= BuildingSMART Data Dictionary =

Construction software

buildingSMART Data Dictionary (bSDD) is a service provided by buildingSMART which offers free data dictionaries for the international standardization of construction planning. The structure of bSDD was defined by the Nonprofit organization Buildingsmart and is used to describe objects and their attributes in a BIM process.

== Aim ==
The aim of bSDD is to enable architects and planners to exchange and share building data across different specialists and language boundaries and thus avoid misunderstandings caused by different interpretations of terms. The bSDD standard extends the more general IFC. Software developers can access and use the dictionaries.

In May 2025 over 300 dictionaries are available, including IFC, extensions to it such as Airport Domain IFC extension module or classification systems like Uniclass.

== Structure ==
The main structural parts of bSDD are:

- Dictionary: A dictionary is a collection of classes:
- Class: A class describes the various object types, such as Bag drop or Baggage conveyor in airport planning. A class contains properties:
- Property: A property describes a part of a class, e.g. color or weight. Related properties are organized in a group:
- GroupOfProperties: A group organizes related properties, e.g. environmental properties or electrical properties.

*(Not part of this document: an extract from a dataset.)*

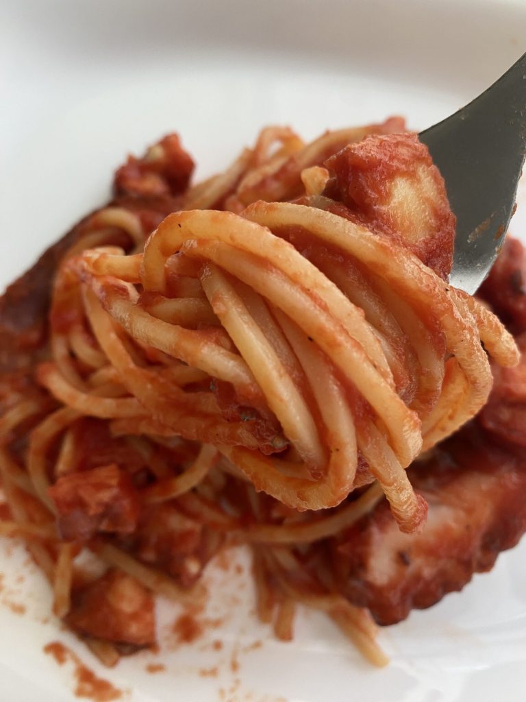En esta receta se perciben todos los sabores y se ven todos los colores de nuestro bello país, el mar con el pulpo, la tierra con el tomate y el oro de nuestro territorio, los espaguetis.
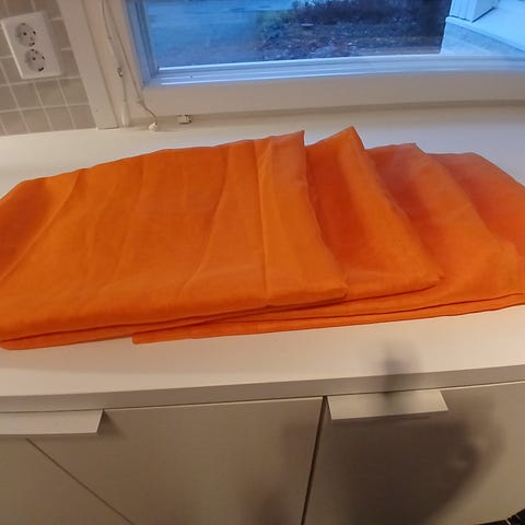 Keltaiset valoverhot. Ensimmäisessä kuvassa verhojen väri oikein

== Creating and managing a directory ==
Every dictionary in bSDD must be published in the name of a registered organization. As soon as the content is activated, it receives an unchangeable URI. This means that the content remains permanently in bSDD and cannot be deleted - this ensures stable use of the dictionary. It is only possible to change the status to inactive if it is no longer to be used - however, the dictionary remains permanently.